There is some merit in the latter argument, I have to say, because one shirt that escaped the cull three years ago and now fits me again is a high-quality cotton, short-sleeved Gant shirt I remember buying in Filene’s Basement in Boston in March 1996. Twenty-two years on, it’s as good as new and wouldn’t look out of place on a rail in H&M.

As for fitting into clothes again, well, perhaps that’s a little more delusional. I have two pairs of 30-inch waist jeans I bought three years ago and the only way I will ever get into them again is if someone uses them to protect the urn containing my ashes.

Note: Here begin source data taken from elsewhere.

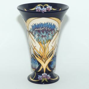 A contemporary take of a traditional Moorcroft Cornflower pattern. This is an exceptionally well priced Limited Edition, with the added bonus of being decorated outside and inside the mouth of the vase in a traditional Florian inspired design.
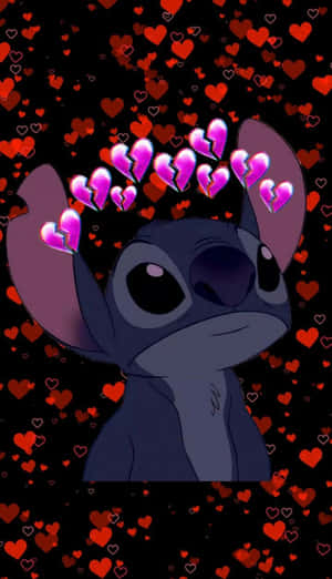 Stitchy Is Holding Hearts In His Hands Wallpaper -
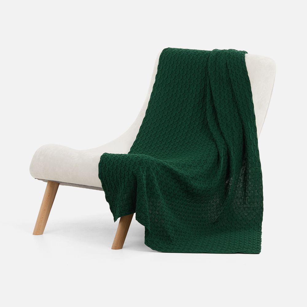 Глубина рельефного орнамента добавляет динамику даже в монохромном исполнении. Плед Braidera — удачное сочетание декоративной выразительности и уютной функциональности.
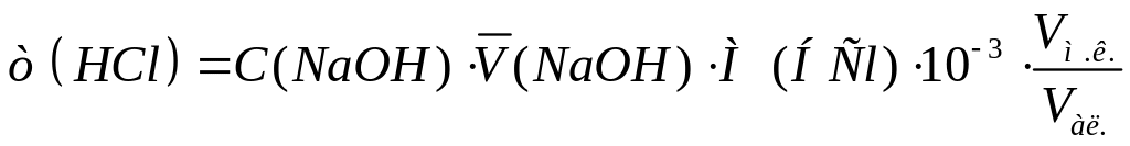 Ниже таблицы результатов приводятся расчеты. В данном случае требуется рассчитать не только массу соляной кислоты (г), содержащуюся в анализируемом растворе, но и титр раствора соляной кислоты (г/см3). Для расчетов применяют следующие формулы:
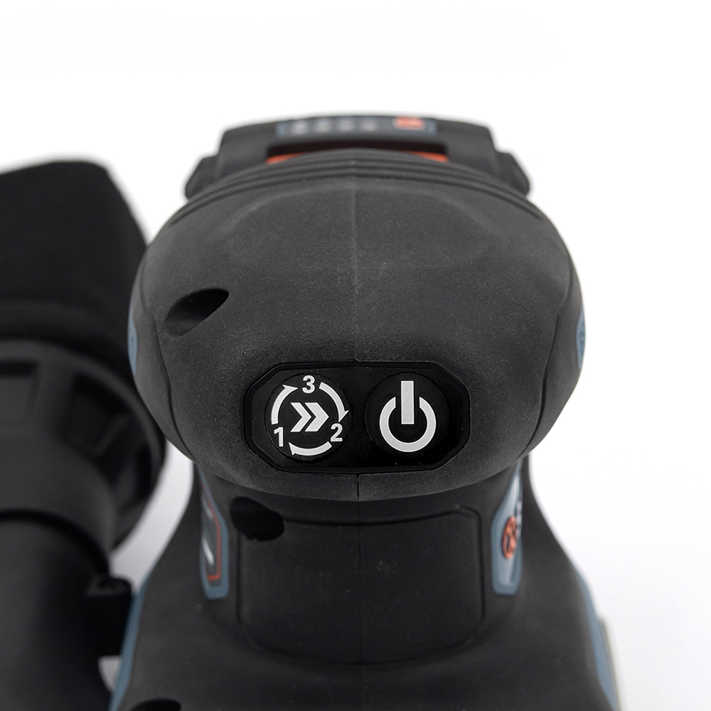 Variable Speed Control – Operates at 10,000 / 12,000 / 14,000 OPM for tailored sanding speed.
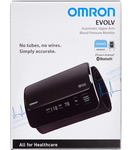 Omron Evolv er en blodtryksmåler, der måler blodtrykket meget sikkert. Manchetten er fastgjort til overarmen. Målinger kan læses straks. Omron Connect-appen gør det også muligt at læse målinger fra en smartphone eller tablet. Forskellige målinger kan nemt sammenlignes Armmanchetomkreds passende til apparatet: 220-420 mm. Bemærkning Præformet manchet.Signal når den placeres ukorrekt.Signal når en uregelmæssig hjerterytme opdages.Op til 100 målinger gemt i hukommelsen.Sammenlign målinger med Omron Connect app via smartphone eller tablet.Inklusiv bæretaske. Dosis og anvendelse Når du foretager en måling på højre arm, skal luftslangen sidde på siden af din albue. Pas på ikke at hvile armen på luftslangen.Blodtrykket kan variere mellem højre og venstre arm, hvilket kan medføre forskellige måleværdier. Foretag altid målinger på samme arm. Hvis værdierne mellem armene afviger væsentligt, skal du spørge lægen, hvilken arm du skal bruge til målingerne.Når du bruger en lysnetadapter (ekstraudstyr), må apparatet ikke placeres på et sted, hvor det er vanskeligt at sætte lysnetadapterens stik i stikkontakten eller tage det ud.Apparatet er primært beregnet til hjemmebrug. ...
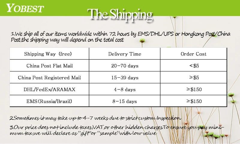 Packages from our warehouse in China will be shipped by ePacket or EMS depending on the weight and size of the product. Packages shipped from our US warehouse are shipped through USPS.
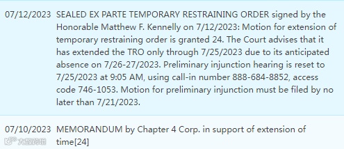 伊利诺伊州法院已经批准延长临时限制令的动议,将其延期至2023年7月25日。因为预计TRO将于2023年7月26日至27日缺席。
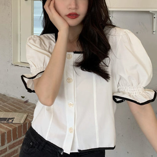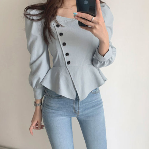 슈팅스타 / 언발란스 단추 퍼프소매 프릴 숏 블라우스
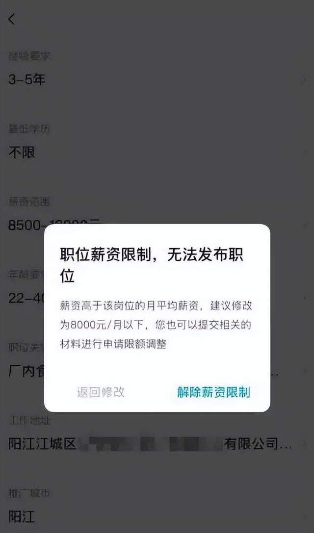 目前,这家阳江企业的岗位已在 BOSS直聘 正常发布。但围绕“高薪反被拦”的讨论仍在继续。如何在保障真实信息与尊重个体企业差异之间找到平衡,也考验着招聘平台的机制设计。
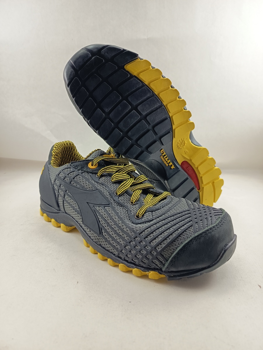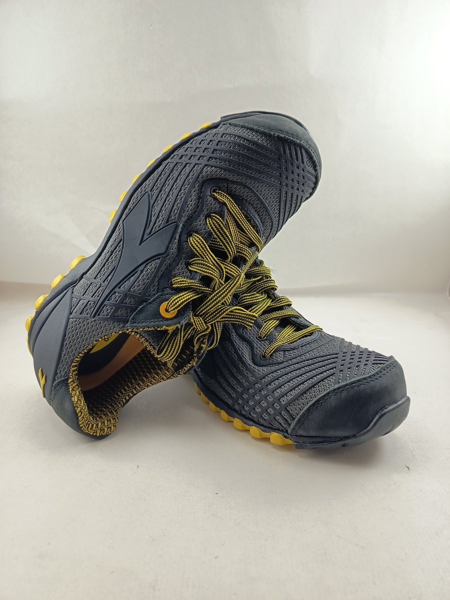 calzado de seguridad bajo S1P, tejido de poliester sobreinyectado de poliuretano termoplástico, con puntera de aluminio 200j. highlight, forro air mesh bicolor de resistencia elevada e inserción double action, plantilla extraible de látex y carbón activo y talonera de eva.
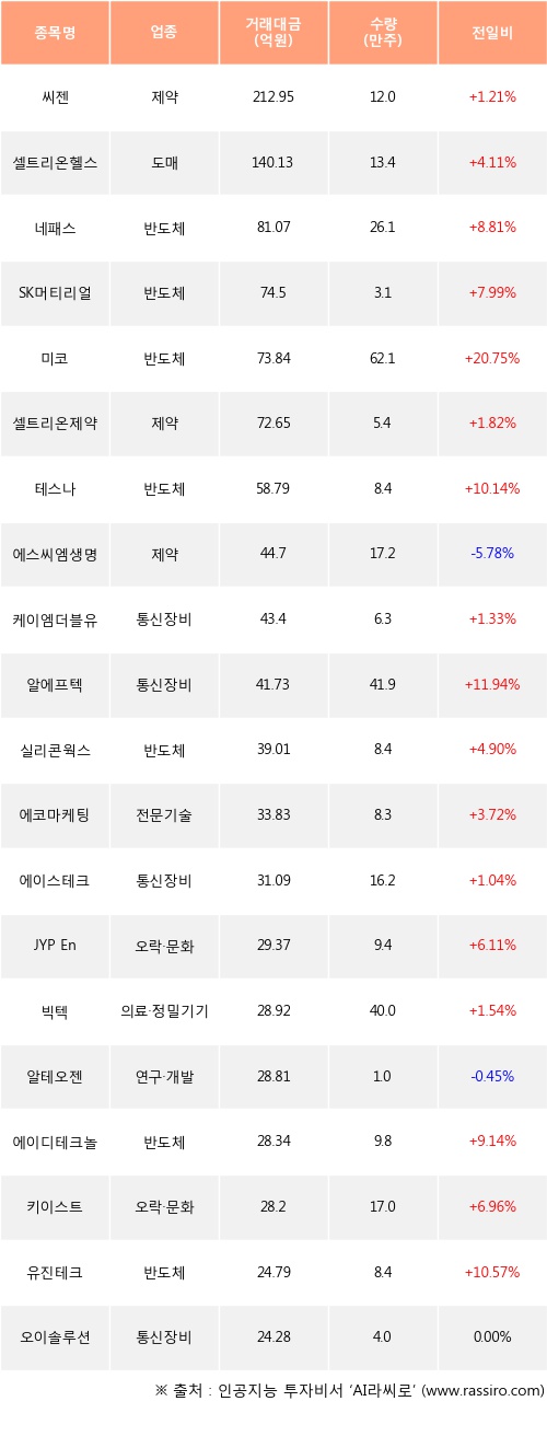 외국인 투자자의 순매수 상위 20개 종목은 씨젠, 셀트리온헬스케어, 네패스, SK머티리얼즈, 미코, 셀트리온제약, 테스나, 에스씨엠생명과학, 케이엠더블유, 알에프텍등이다.
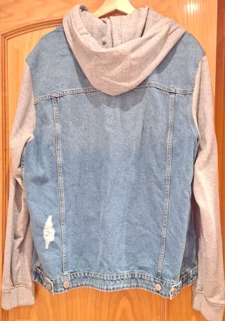 Chaqueta vaquera con mangas de sudadera gris. Importante : talla L de ella es pequeña como M
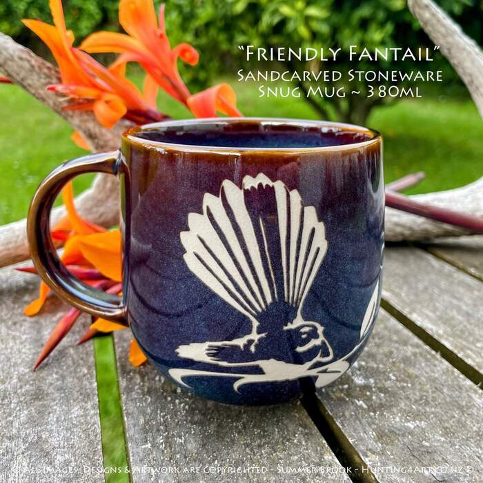 This friendly little Piwakawaka is sure to make you smile! This beautifully crafted hand sandcarved stoneware mug is a great way to start your day off right!
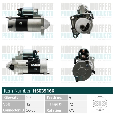 Tensiune [V]: 12Putere electromotor [kW]: 2,2 ->Diametru flanÈ™ă [mm]: 72Identificare constructie stecher: 30-50Numar dinti: 9Numarul gaurilor de fixare: 2Directia de rotatie: rotatie contrar acelor de ceasornic

So why are they still in the wardrobe? The truth is, I really do find it hard to throw anything out. Maybe it’s because I grew up at a time when we had a lot less than we do nowadays, but there always was someone – a sibling, a cousin, a family friend – who would gratefully accept hand-me-downs, and not frown on them as we would do nowadays.

It’s like I have a mental muscle memory that slams the door shut just as I finally get to thinking the time has come.

And that’s why, at my sister’s kitchen island over the Christmas period, I finally put my hand up and asked for help, because I’m just not strong enough to do this alone. I need a dispassion­ate eye and a mind uncontamin­ated by sentiment to force me into acceptance of the truth.

Malleable

So the plan was that she and my other sister would come to my place this evening and we would spend the weekend going through all the clutter, not just in the wardrobes but everywhere in the property, and fillet my house like a Japanese steak.

Do I really need four pulley bags for weekend breaks when I go on only one at a time? What about the thousands of CDs taking up shelf space when they’ve long since been uploaded to cloud storage, and when in any case I pay almost a tenner a month to Spotify to stream almost every song ever recorded?

I own 187 pairs of socks – it’s an illness. I have three drawers full of toiletries, er, liberated from hotels in case guests need them. At this stage, short of a coach party checking in, they’ll still be there long after I’ve joined the Choir Eternal.

So, to be honest, I was looking forward to this clearout and dreading it in equal measure.

Then yesterday, one of my sisters, the proper, grown-up, sensible one, rang to say tell me that she had the flu and wouldn’t be able to make it. The other is much more malleable, and already I’m preparing adversaria­l arguments for the retention of almost everything.

That really can’t happen though. The die has been cast and what has to be done will be done.

Many will have to go, but I hope I’m allowed a final few minutes to apologise to them, and say a proper goodbye.